## Arbitrary value imputation

Replacing the NA by artitrary values should be used when there are reasons to believe that the NA are not missing at random. In situations like this, we would not like to replace with the median or the mean, and therefore make the NA look like the majority of our observations.

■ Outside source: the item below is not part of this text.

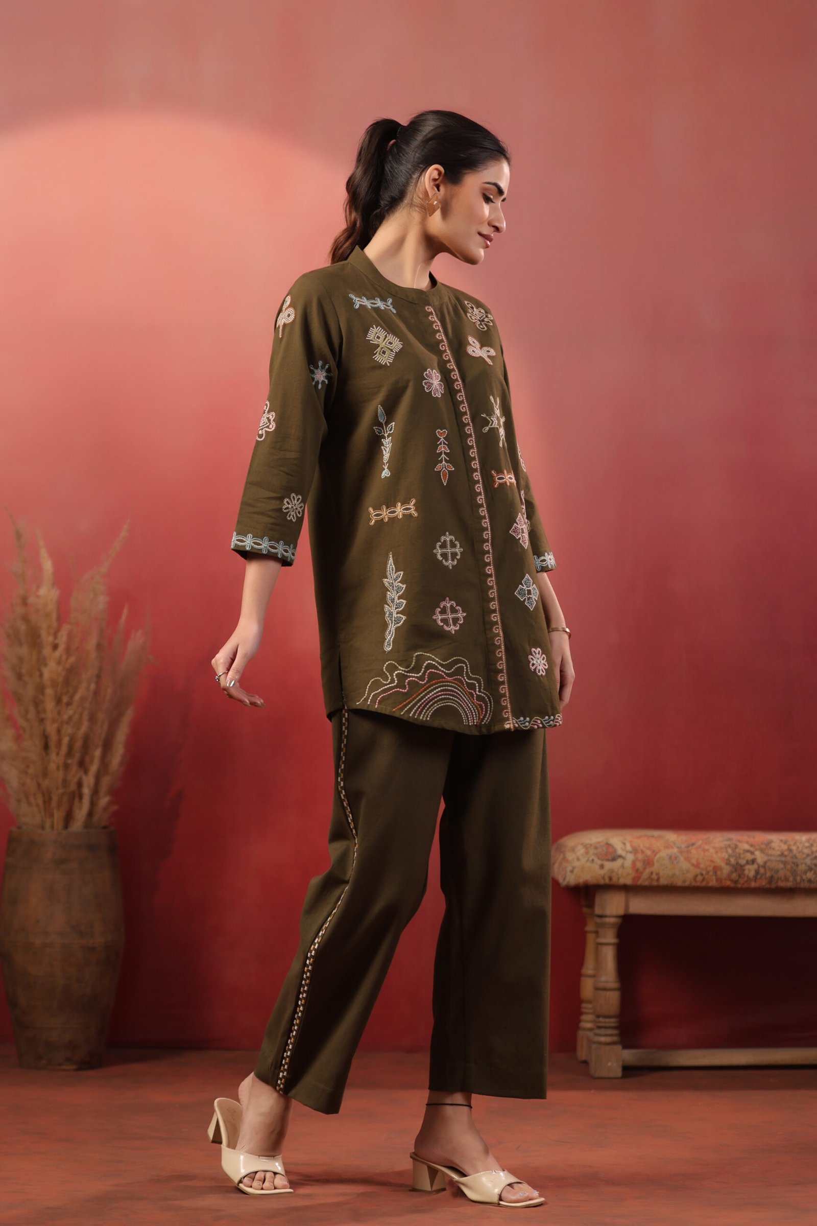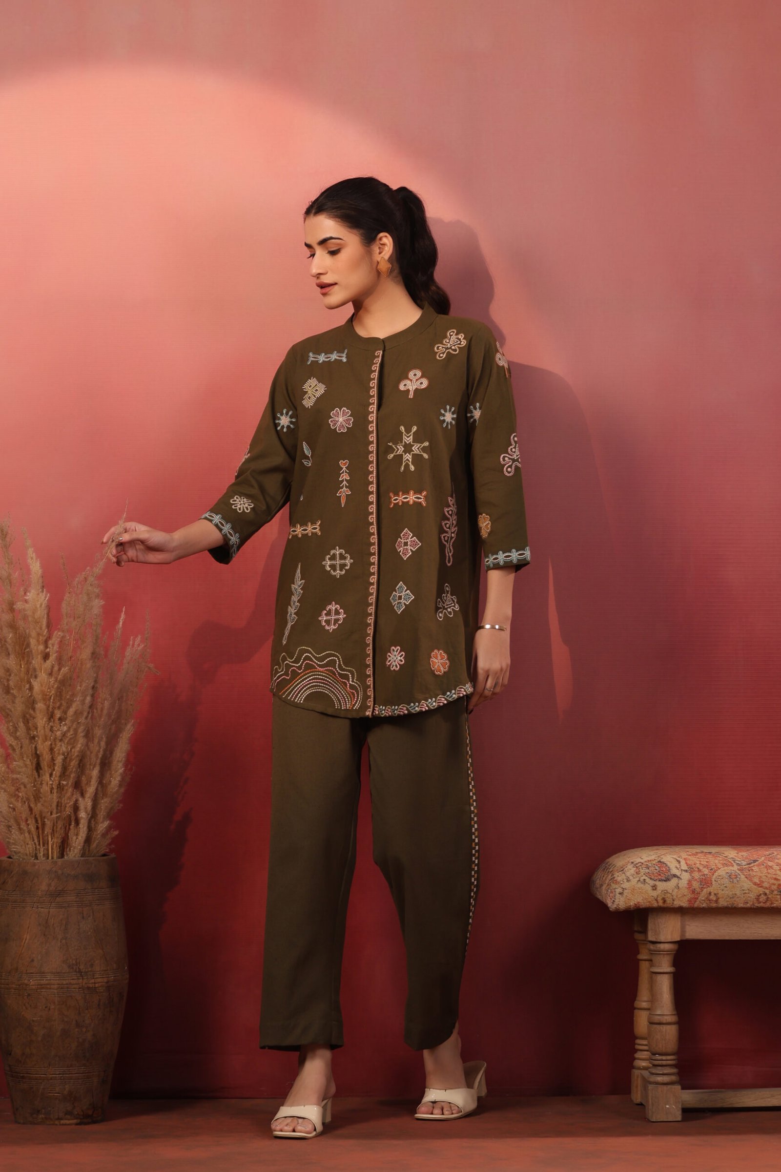 Both the top and bottom feature refined embroidery, creating a polished and cohesive look without extra styling effort. The lightweight fabric ensures ease of movement, making it perfect for day outings, casual gatherings, office wear, and relaxed festive moments.

Instead, we want to flag them. We want to capture the missingness somehow.

In previous lectures we saw 2 methods to do this:

1) adding an additional binary variable to indicate whether the value is missing (1) or not (0)

2) replacing the NA by a value at a far end of the distribution

Here, I suggest an alternative to option 2, which I have seen in several Kaggle competitions. It consists of replacing the NA by an arbitrary value. Any of your creation, but ideally different from the median/mean/mode, and not within the normal values of the variable.

The problem consists in deciding which arbitrary value to choose.

### Advantages

- Easy to implement
- Captures the importance of missingess if there is one

### Disadvantages

- Distorts the original distribution of the variable
- If missingess is not important, it may mask the predictive power of the original variable by distorting its distribution
- Hard to decide which value to use
 If the value is outside the distribution it may mask or create outliers

### Final note

When variables are captured by third parties, like credit agencies, they place arbitrary numbers already to signal this missingness. So if not common practice in data competitions, it is common practice in real life data collections.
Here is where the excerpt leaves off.